How this applies to our case study
We're building a food delivery system where placing an order triggers multiple steps:
- Order gets created
- Payment gets processed
- Delivery gets assigned
In a monolith, all of this lives in one codebase and one database. A small change in delivery logic means retesting the entire flow.
In our design, we’ve split this into:
- Order Service
- Payment Service
- Delivery Service
But the goal is not just “splitting services”. The real goal is clear ownership:
- Order Service doesn’t know how payment works
- Payment Service doesn’t care about delivery logic
- Delivery Service can evolve independently
They interact only through defined APIs/events.
What makes this work
A few key principles show up clearly in this system:
- Single responsibility — each service maps to a business function
- Independent deployment — Payment can be updated without touching others
- Own data — no shared database, each service manages its own
- Explicit communication — calls can fail, so retries and timeouts are built in
- Clear ownership — each service is responsible for its uptime and behavior
Why build Python microservices
Microservices are not better by default. They’re useful when a system starts hurting:
- Changes become risky
- Deployments slow down
- Teams start blocking each other
For example: In a monolith, changing delivery rules might require retesting the full checkout flow. Here, Delivery can change independently as long as its API stays stable.

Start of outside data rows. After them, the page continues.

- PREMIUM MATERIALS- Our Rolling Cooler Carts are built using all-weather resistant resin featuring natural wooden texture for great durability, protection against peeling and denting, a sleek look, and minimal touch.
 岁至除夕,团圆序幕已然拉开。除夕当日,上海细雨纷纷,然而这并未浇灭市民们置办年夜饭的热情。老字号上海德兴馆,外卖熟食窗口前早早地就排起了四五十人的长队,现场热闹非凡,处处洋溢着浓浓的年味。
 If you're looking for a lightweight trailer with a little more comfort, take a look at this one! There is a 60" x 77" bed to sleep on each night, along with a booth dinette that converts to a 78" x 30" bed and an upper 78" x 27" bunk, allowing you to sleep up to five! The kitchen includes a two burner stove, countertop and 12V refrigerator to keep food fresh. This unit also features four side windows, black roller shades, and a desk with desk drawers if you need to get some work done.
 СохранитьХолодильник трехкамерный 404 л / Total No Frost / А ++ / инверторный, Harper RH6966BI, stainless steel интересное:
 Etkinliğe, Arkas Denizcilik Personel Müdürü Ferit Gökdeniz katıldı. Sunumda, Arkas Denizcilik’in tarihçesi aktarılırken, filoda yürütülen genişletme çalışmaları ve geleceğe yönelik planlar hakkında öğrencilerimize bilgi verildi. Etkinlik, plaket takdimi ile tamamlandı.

Python is a strong fit for this architecture. FastAPI handles lightweight, independently deployable services well — native async support, automatic OpenAPI docs, and low boilerplate. Flask works for simpler services. For larger monolith migrations, Django REST Framework brings full ORM and auth support, though it's heavier.

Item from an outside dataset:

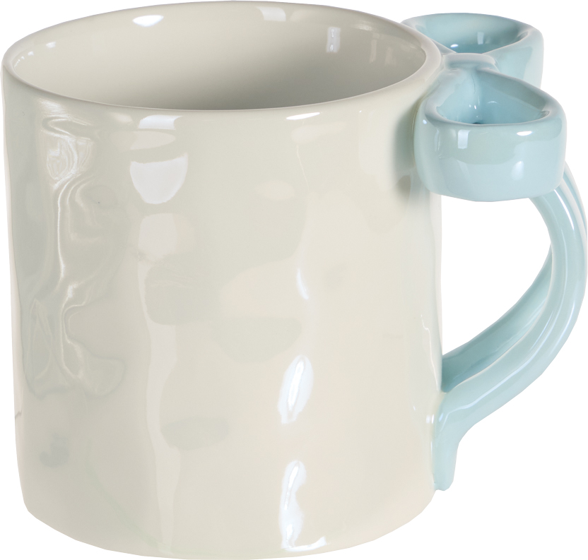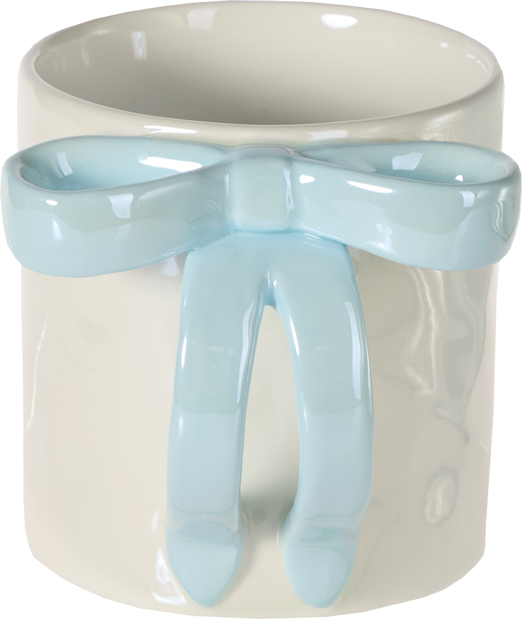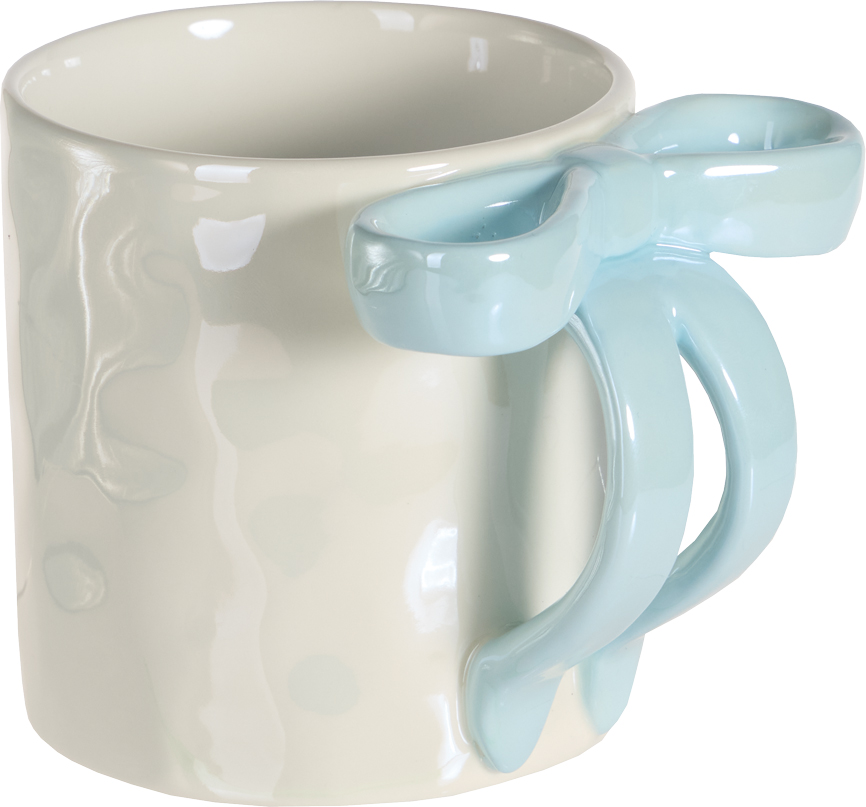 Kubek z kokardką Bella 168 (biały z perłowym połyskiem/jasnoniebieski)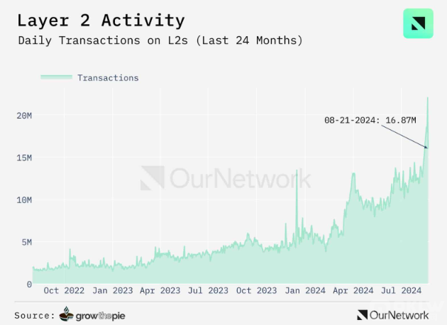 據OurNetwork報道,EthereumLayer 2解決方案的交易量正在前所未有地增長,8月21日的日交易量達到創紀錄的1687萬筆。

For production-grade microservices, FastAPI has become the default for most Python backend engineering teams.
Your monolith is why your deployments take a week
The shift to a Python microservices architecture is usually not about technology first — it's about reducing coordination overhead as systems and teams grow.
| Before (monolith) | After (Python microservices) |
|---|---|
| Full system redeploy for every change | Deploy individual services independently |
| Shared release cycle across all teams | Parallel development with clear ownership |
| Entire system fails on one service bug | Failures isolated per service |
| Scale the whole app for one bottleneck | Scale only the service under load |
| High-risk, infrequent deployments | Per-service CI/CD, frequent and boring |
At a small scale, a monolith works well. But as more engineers and features get added, things start slowing down—not because of performance, but because of people and process.
Team scaling becomes the bottleneck
As teams grow, everyone works on the same codebase — more merge conflicts, slower reviews, shared release cycles. This is Conway's Law. Microservices create clear ownership boundaries. Instead of everyone touching the same code, one team owns Order Service, another owns Payment, another owns Delivery.
Splitting by business capability works better than splitting by technical layer.
Deployment becomes painful
In a monolith, even a small change requires deploying the entire system. A bug in Payment delays a Delivery feature release.
With Python microservices, only the changed service gets redeployed. Other services keep running. The goal: frequent, small, boring deployments.
Failure should not break everything
In a monolith, one issue can bring down the entire system. With microservices, failures stay contained. If Delivery Service goes down, the system can still accept orders — orders get marked as "awaiting dispatch." The blast radius is limited.
Scaling efficiently
Traffic spikes hitting one part of the system don't require scaling everything. Scale Order Service. Payment and Delivery stay at their current footprint. This is where Kubernetes autoscaling makes Python microservices genuinely cost-efficient at scale.
When NOT to split yet
Microservices are not always the right first step.
Avoid splitting if:
- Service boundaries are unclear
- APIs are not stable
- CI/CD and monitoring are weak
In such cases, a well-structured modular monolith is usually a better approach.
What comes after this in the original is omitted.